I’m trying to show that the involute of a catenary, calculated to be
$$\gamma(t)=(t-\tanh(t),\cosh(t)-\sinh(t)\tanh(t))$$ is a reparametrization of the tractrix
$$\beta(s)=\left(\cos(s)+\log\left(\tan\left(\frac{s}{2}\right)\right),\:\sin(s)\right).$$
I was suggested to go with $$\frac{1}{\cosh(t)}=\sin(s),$$
and that resolved the second component, but I’m absolutely stuck on the first part.

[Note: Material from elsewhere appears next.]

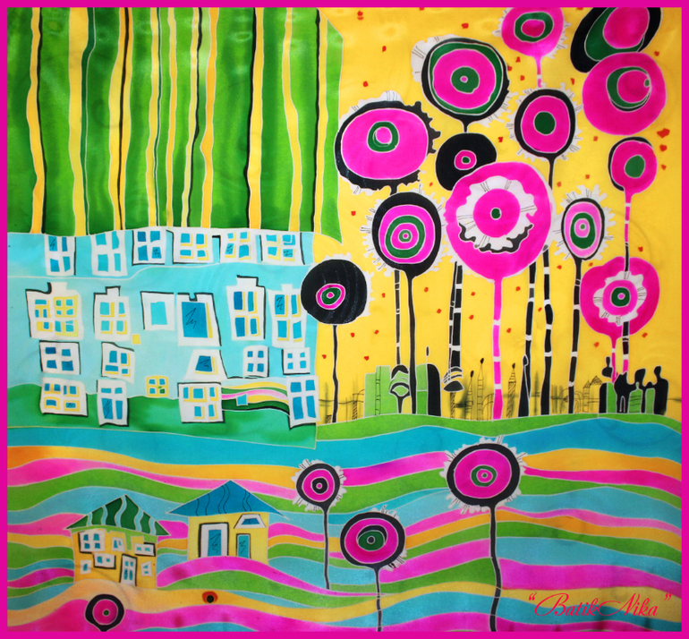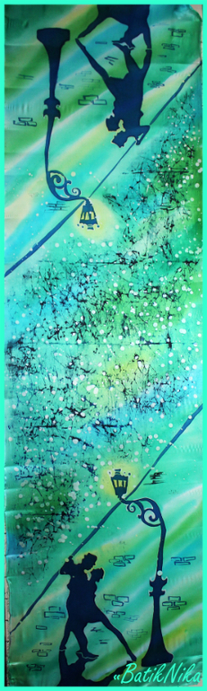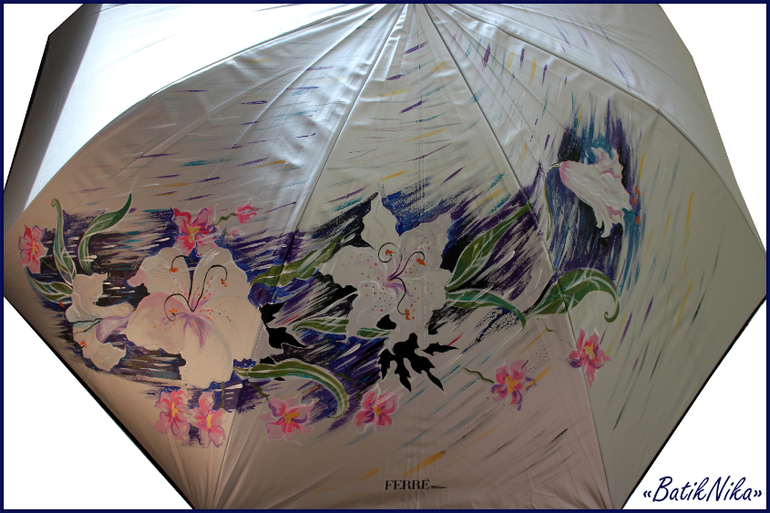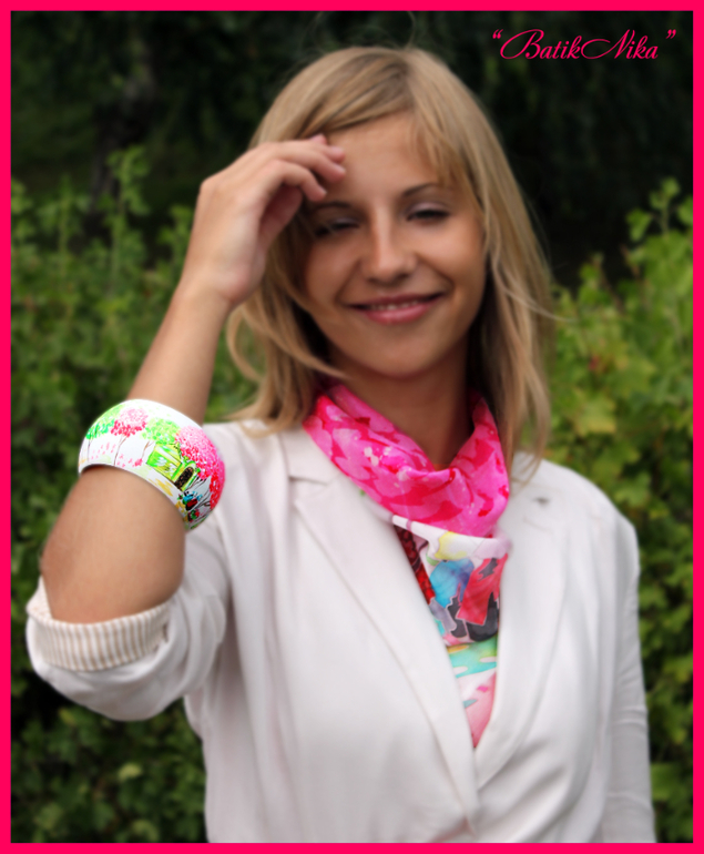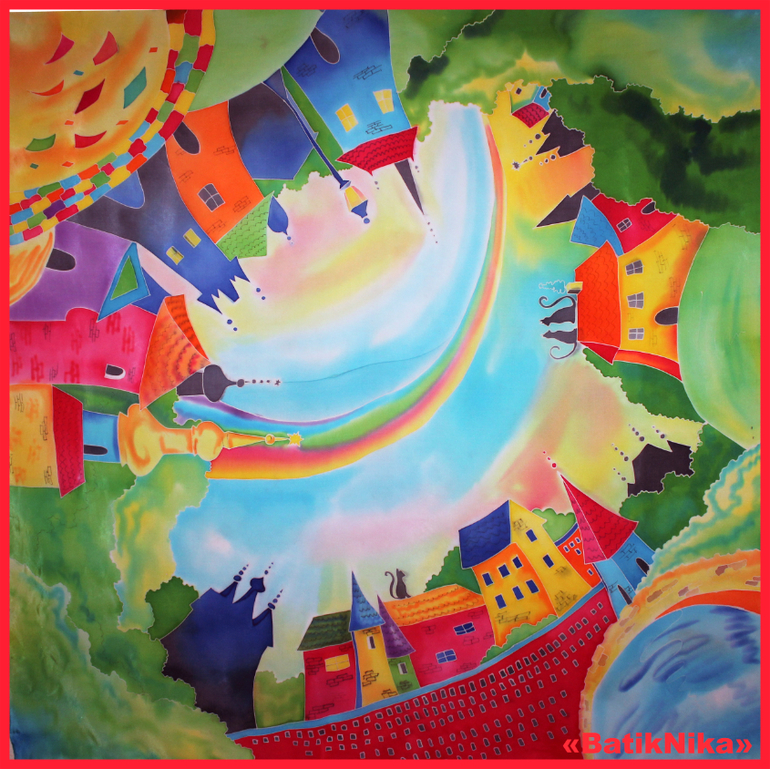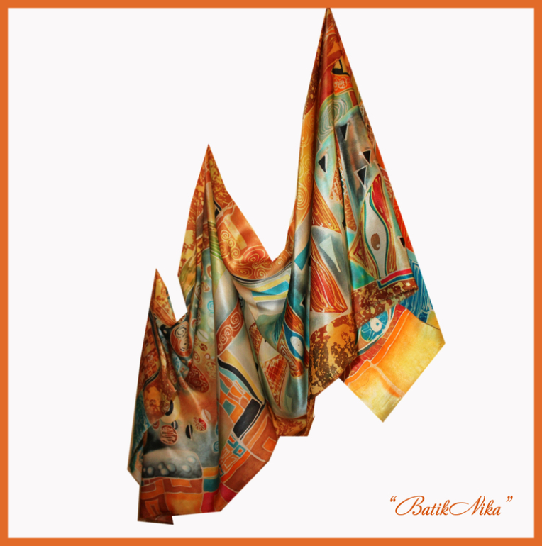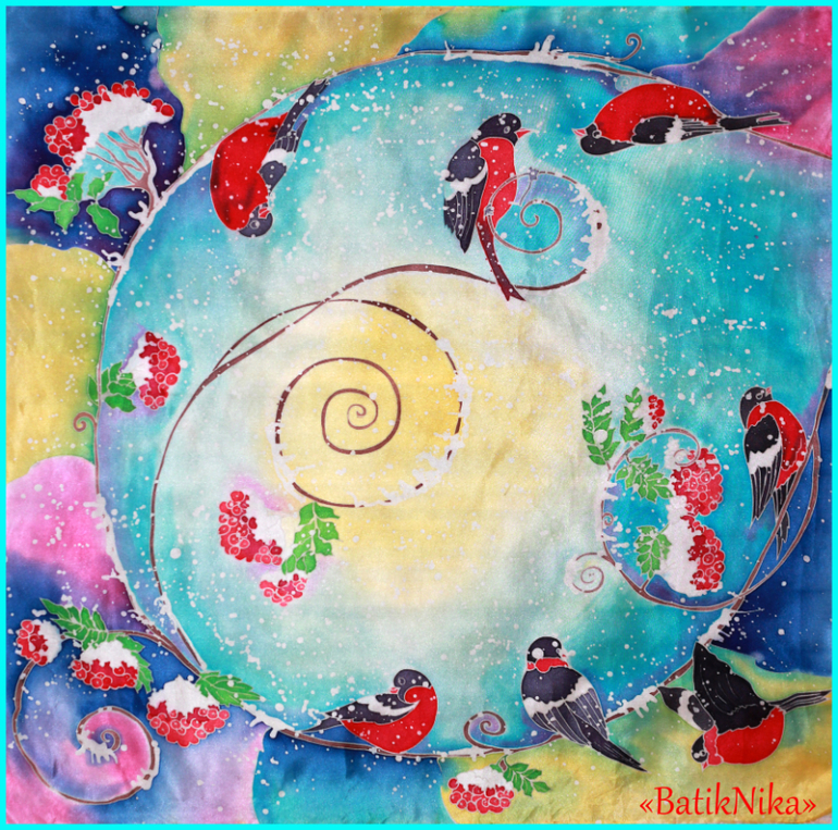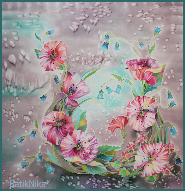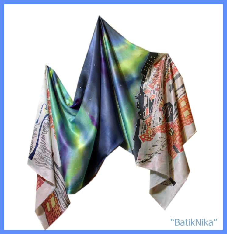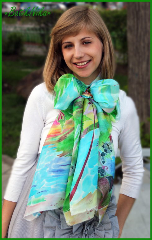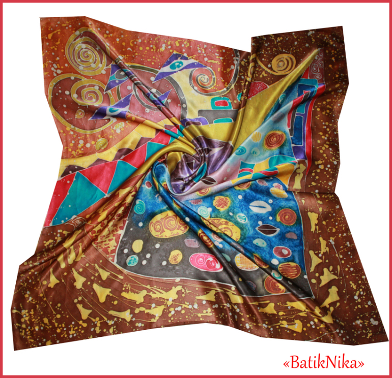 Все выполнено на натуральном шелке, роспись вручную в разных техниках. Возможна роспись не только шелка, были зонтики, браслеты деревянные и даже обувь :)
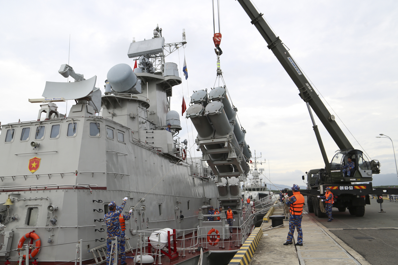 Tàu 383 huấn luyện thực hành cẩu nhận tên lửa

$$\text{If we set } \ T:=\tan(s/2),$$
$$\cos(s)=\frac{1-T^2}{1+T^2} \ \text{and} \ \sin(s)=\frac{2T}{1+T^2}\tag{1}$$
(1) are the classical "double angle formulas" ; you will find many references on them ; they are commonly used to convert trigonometrical espressions into polynomial expressions like in this answer.
Your curve description :
$$\left(\cos s +\ \ln (\tan \frac{s}{2}),\sin s \right)$$
becomes :
$$\left(\frac{1-T^2}{1+T^2}+\ln(T),\frac{2T}{1+T^2}\right)\tag{2}$$
If we set now $u:=\ln(T) \ \iff \ T=e^{u}$, (2) can be transformed into :
$$\left(\frac{1-e^{2u}}{1+e^{2u}}+u,\frac{2e^{u}}{1+e^{2u}}\right)\tag{3}$$
which (by dividing the numerator and the denominator of the fractions by $e^{u}$, is the same as
$$\left(\frac {e^{-u}-e^{u}}{e^{-u}+e^{u}}+u,\frac{2}{e^{-u}+e^{u}}\right)\tag{4}$$
Can you take it from here ?
Remark : of course, variable $T$ in (1) is not variable $t$ in your initial expression.